Tracy E. Dudding-Byth is a clinical geneticist based in Newcastle, NSW 2298. She works with families across the Hunter region and beyond, helping them understand genetic conditions and what they might mean for day to day life.
Genetics can feel overwhelming, especially when a child or another family member is facing health changes that don’t fit neatly into one label. In many cases, Tracy focuses on conditions that affect development, growth, and body structures. That can include syndromes linked with changes in muscle tone, head size, or facial features, as well as issues like cleft lip and cleft palate.

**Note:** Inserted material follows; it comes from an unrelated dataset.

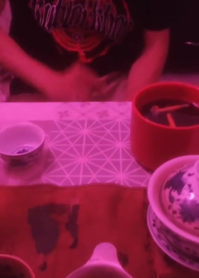 A person wearing a black t-shirt with a red circular graphic on the front is seated at a table. The table is covered with a grey geometric patterned mat, and beneath it, a red surface. On the table are several ceramic tea cups and pots, some of which are being used to prepare tea. The tea is being poured from a clear glass teapot into a small teacup. The scene is lit with a red or pink light, which gives the video a distinct hue.
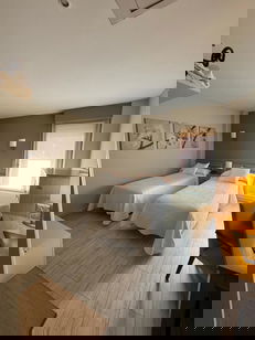 Dispone de dos camas de 90 cm, armario, escritorio, TV de pantalla plana, baño privado, aire acondicionado, terraza con vistas a la montaña, conexión Wi-Fi gratuita.

Her work also covers brain and nervous system concerns. This may involve things like cortical dysplasia, epilepsy, and other challenges such as hypotonia (low muscle tone) and mosaicism. She can also look at gene-related causes connected with rare metabolic conditions, including cholesteryl ester storage disease and Wolman disease.
Tracy is also involved with inherited conditions such as Fragile X syndrome, Angelman syndrome, and Coffin-Siris syndrome. She may also help when families ask about rarer diagnoses, including Treacher Collins syndrome, Crouzon syndrome, Miller syndrome, and Fryns syndrome. At times, she helps connect the dots for families where there are features like micrognathia (a smaller jaw) or acrofacial dysostosis.
In terms of experience, education, research, and any clinical trials, the specific details aren’t provided here. If you’re trying to confirm training history, publications, or trial involvement, it’s best to check directly with the clinic team.